**Work to complete**: Unless it is a picture, every line from the start of the entries through the line with "3 Pack Fine" must be retyped exactly.

Stored data entries:
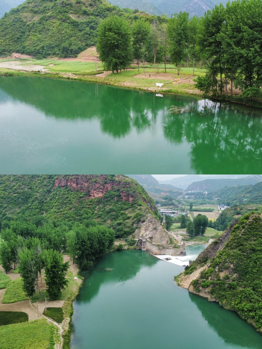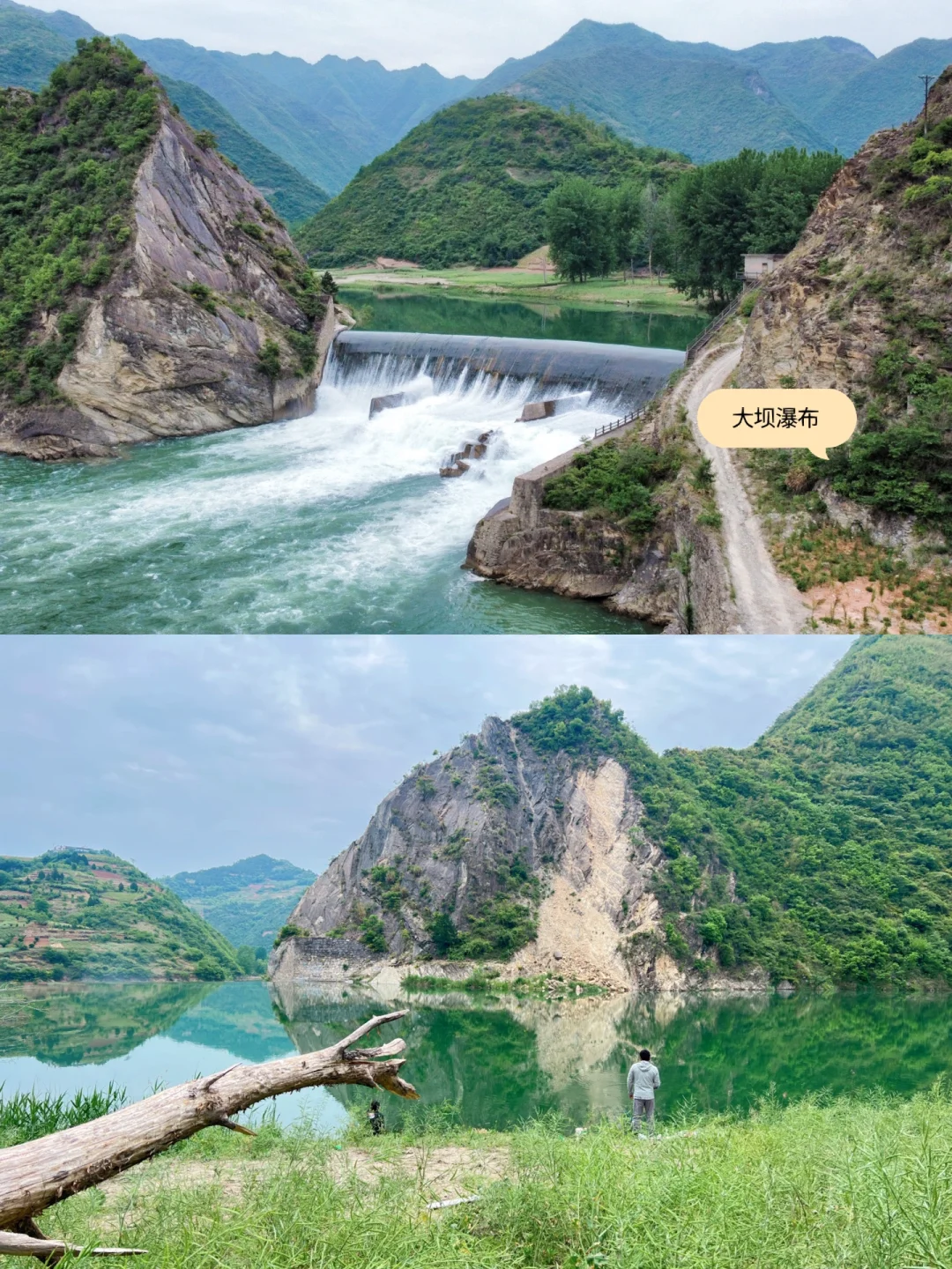 1️⃣水码头村,附近水坝大瀑布非常壮观。到了一定要走上面的坝面上看看。古镇过去15分钟
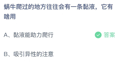 蜗牛爬过的地方往往会有一条黏液,它有啥用-蚂蚁庄园10月23日答案
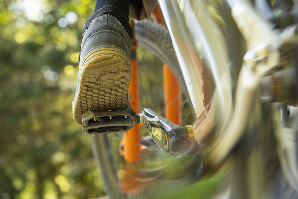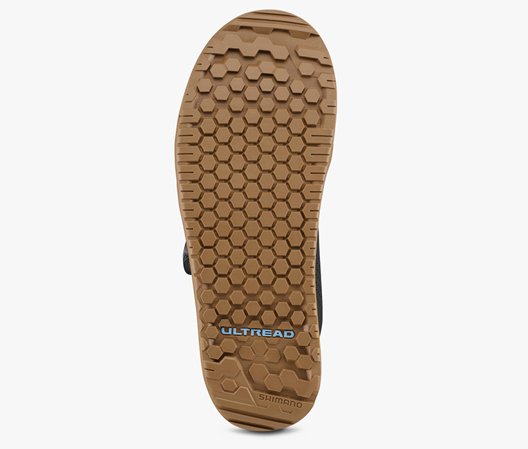 フラットペダルでのライディングに最適な、シマノULTREAD GFラバーコンパウンドとトレッドパターン
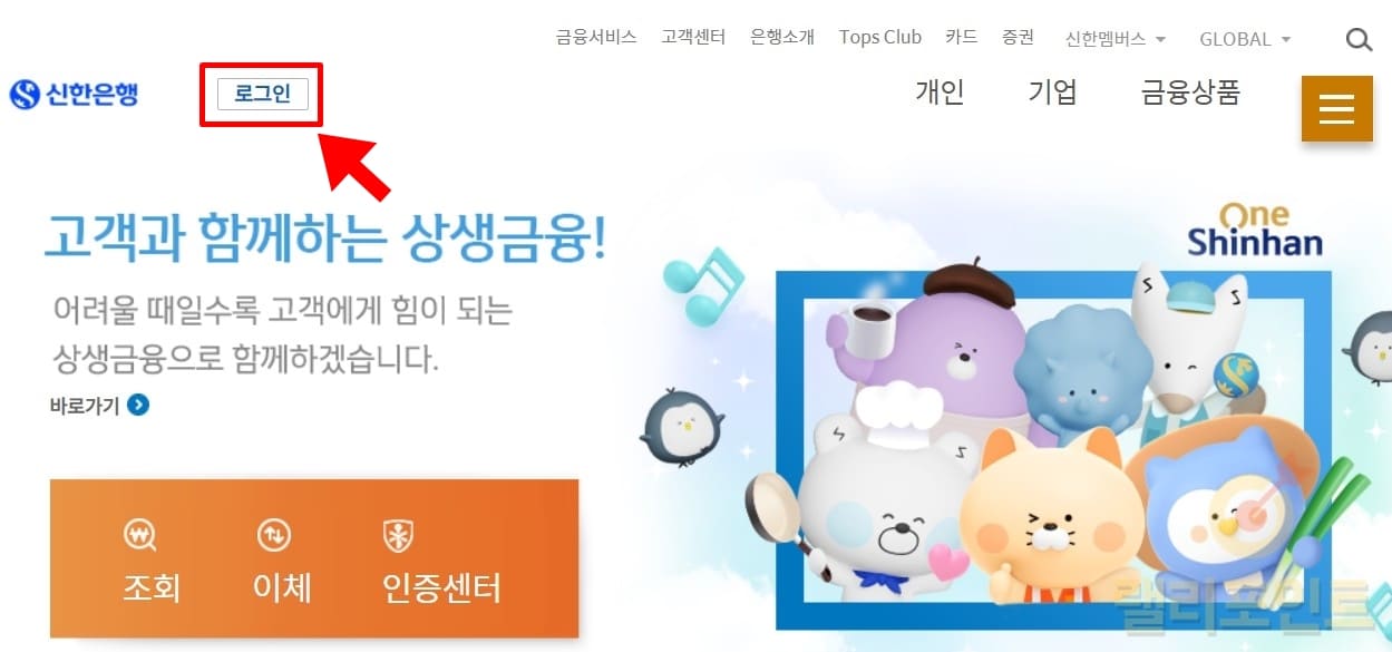 1. PC에서 신한은행 사이트를 실행 후 로그인합니다.
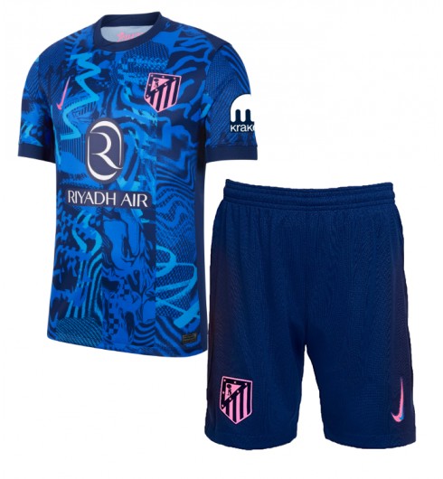 To je tretji dres Atletico Madrid v gosteh za sezono 2024/25. “Blue Void” in “Pink Ray” izstopata na dresu Atletico Madrid z živahnim dizajnom, ki uteleša duh mota “Together We Rise”, v skladu z našim klubom. V bistvu smo vedno pripravljeni na soočenje z novimi neustrašno izziva. Nogometni dres Atletico Madrid ima ikonični logotip “Swoosh” in pomemben simbol zgodovine: Neptunov trizob.
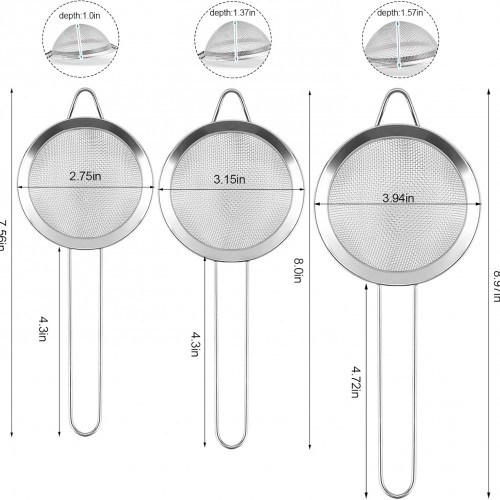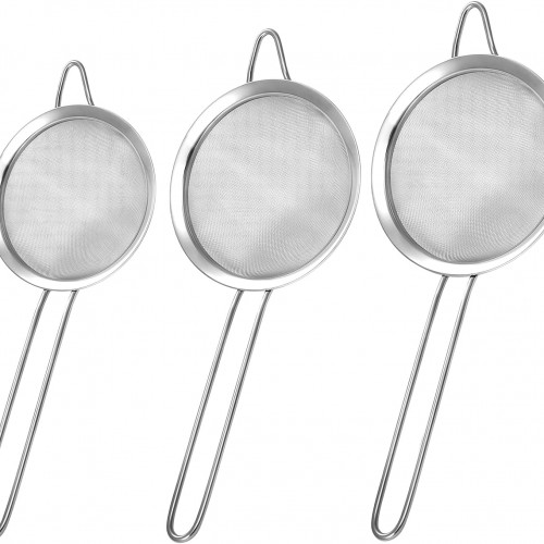 3 Pack Fine Mesh Strainer, Small Stainless Steel Sieves with Handles, for Steeping Loose Leaf Tea, Straining Cocktail, Juice and Sifting Flour, Powdered Sugar
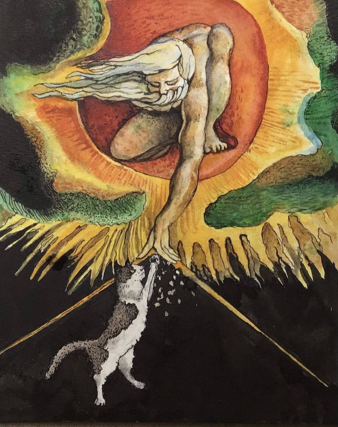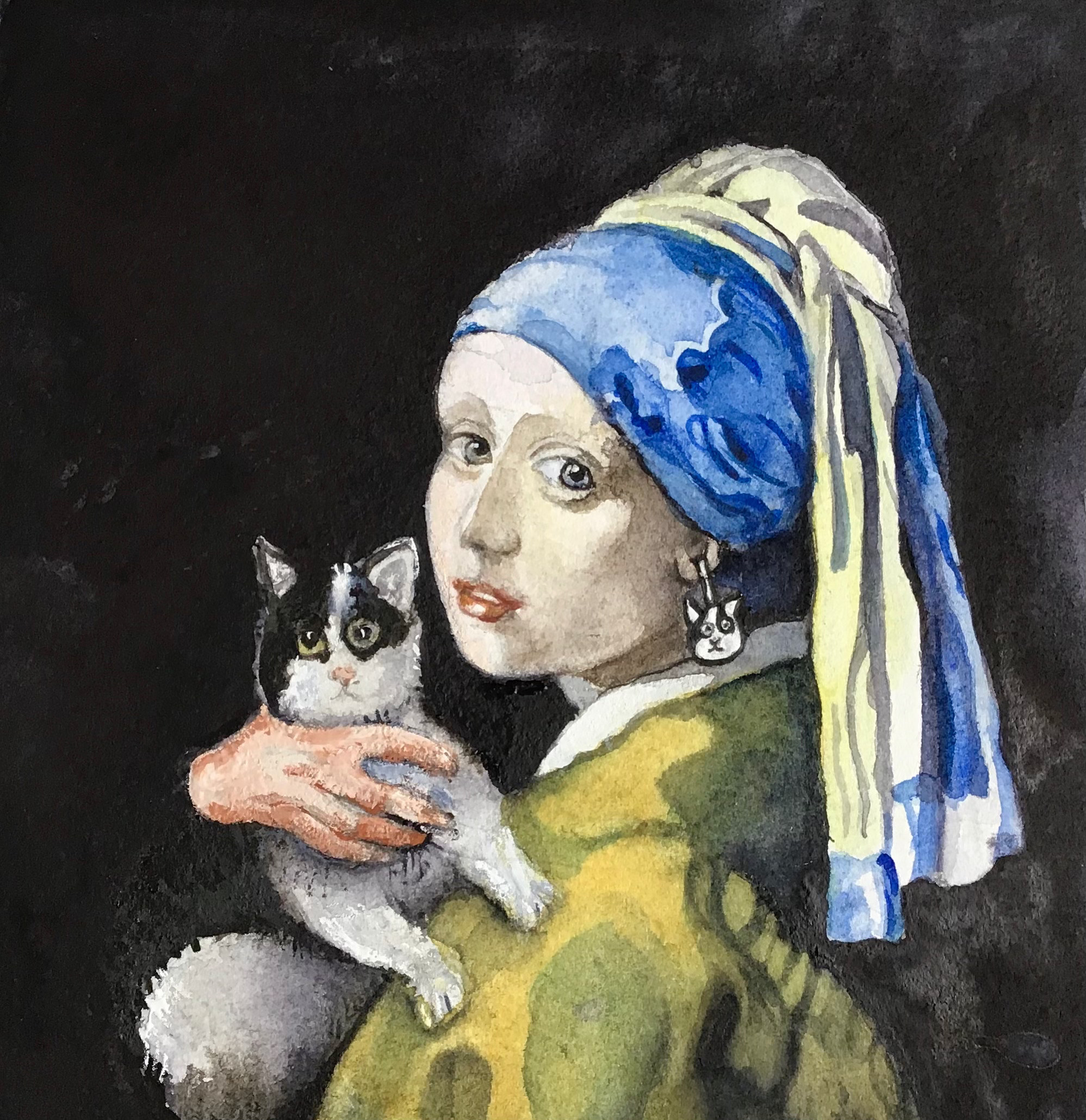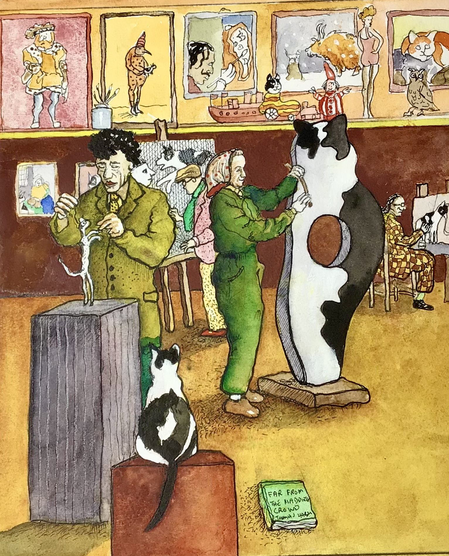 My mum and dad’s cat Bridget (pictured above, more recently) has always been a bit of a wanderer. Never was her nomadic spirit more evident than in summer 2020, when (partly due to her clashes with George) she’d vanish for weeks on end. While she was away my mum and dad suffered many sleepless nights and spent hours walking every lane and footpath within a couple of miles of their house, calling her name. My dad developed a theory: somewhere in the mild Nottinghamshire countryside, Bridget had found an unlikely portal which allowed her to travel through time. To distract himself from his worries, he began to paint what he imagined her adventures to be.
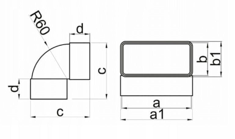 Navpično koleno 90° za ploščati kanal 204×60 je eden od elementov modularnega sistema ploščatih kanalov iz PVC-ja, , ki je zaradi svojih prečnih prerezov idealen na primer za vgradnjo v mavčno-kartonske stavbe. Lahka konstrukcija, estetski videz in enostavna namestitev – kar omogoča sestavljanje sistema brez uporabe specializiranega orodja – so nedvomno prednosti tega izdelka.
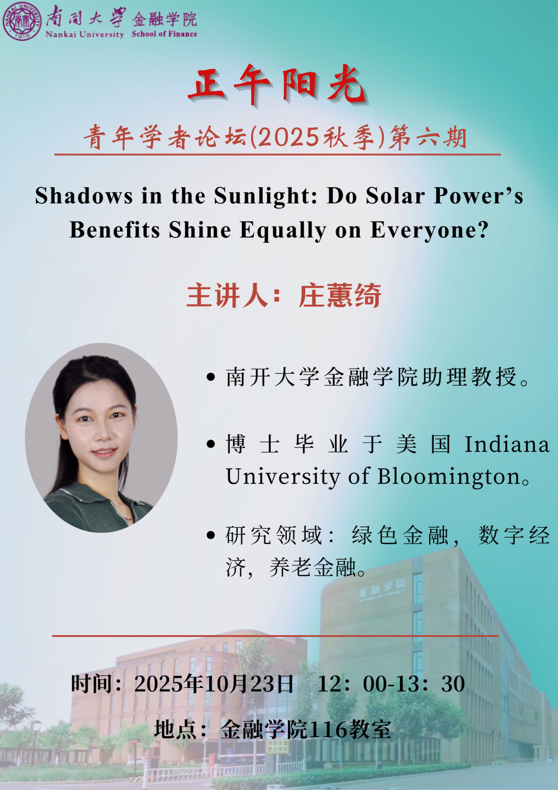 讲座题目:Shadows in the Sunlight: Do Solar Power’s Benefits Shine Equally on Everyone?
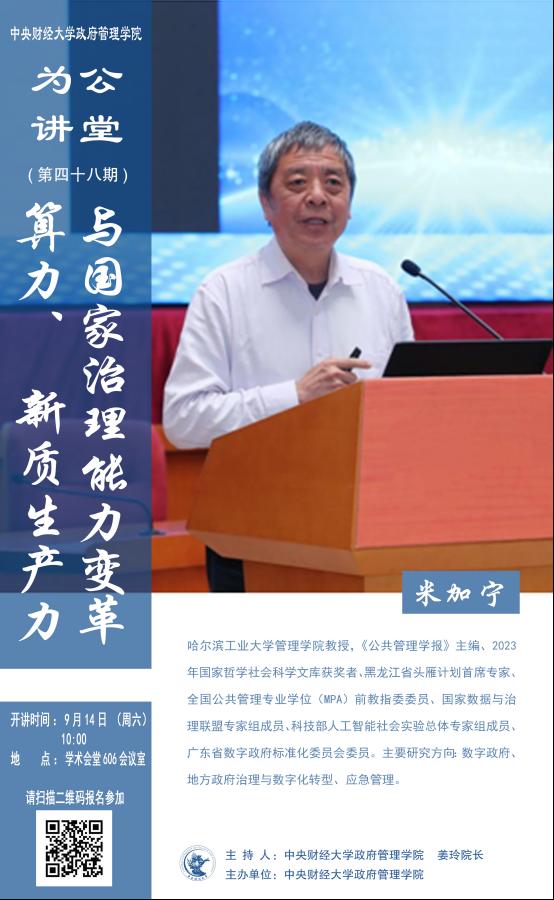 嘉宾简介:米加宁,哈尔滨工业大学管理学院教授,《公共管理学报》主编、2023年国家哲学社会科学文库获奖者、黑龙江省头雁计划首席专家、全国公共管理专业学位(MPA)前教指委委员、国家数据与治理联盟专家组成员、科技部人工智能社会实验总体专家组成员、广东省数字政府标准化委员会委员。主要研究方向:数字政府、地方政府治理与数字化转型、应急管理。
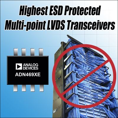 Analog Devices, Inc. (NASDAQ:ADI),全球領(lǐng)先的高性能信號處理解決方案供應商,最近推出一系列多點、低電壓、差分信號(M-LVDS)收發(fā)器ADN469xE,具有所有多點LVDS收發(fā)器中最高的ESD(靜電放電)保護。 ADN469xE M-LVDS系列包含八款收發(fā)器,每款器件都能夠利用一條差分電纜對連接32個數(shù)據(jù)/時鐘節(jié)點并以100 Mbps或200 Mbps的數(shù)據(jù)速率工作。與之相比,傳統(tǒng)的LVDS通信鏈路必須使用32個單獨的點對點節(jié)點,這會顯著增加功耗、連接器尺寸、線纜成本和總電路板空間。ADI公司的ADN469xE M-LVDS系列可提供8 kV IEC ESD保護,是M-LVDS收發(fā)器競爭產(chǎn)品的11倍。這種更高層次的保護能夠提高可插拔板和卡的可靠性,適合無線基站和網(wǎng)絡基礎(chǔ)設施、數(shù)據(jù)采集、自動測試設備以及其他高速、高度網(wǎng)絡化背板和電纜應用。

**Solution for this task**:
 1️⃣水码头村,附近水坝大瀑布非常壮观。到了一定要走上面的坝面上看看。古镇过去15分钟
 蜗牛爬过的地方往往会有一条黏液,它有啥用-蚂蚁庄园10月23日答案
 フラットペダルでのライディングに最適な、シマノULTREAD GFラバーコンパウンドとトレッドパターン
 1. PC에서 신한은행 사이트를 실행 후 로그인합니다.
 To je tretji dres Atletico Madrid v gosteh za sezono 2024/25. “Blue Void” in “Pink Ray” izstopata na dresu Atletico Madrid z živahnim dizajnom, ki uteleša duh mota “Together We Rise”, v skladu z našim klubom. V bistvu smo vedno pripravljeni na soočenje z novimi neustrašno izziva. Nogometni dres Atletico Madrid ima ikonični logotip “Swoosh” in pomemben simbol zgodovine: Neptunov trizob.
 3 Pack Fine Mesh Strainer, Small Stainless Steel Sieves with Handles, for Steeping Loose Leaf Tea, Straining Cocktail, Juice and Sifting Flour, Powdered Sugar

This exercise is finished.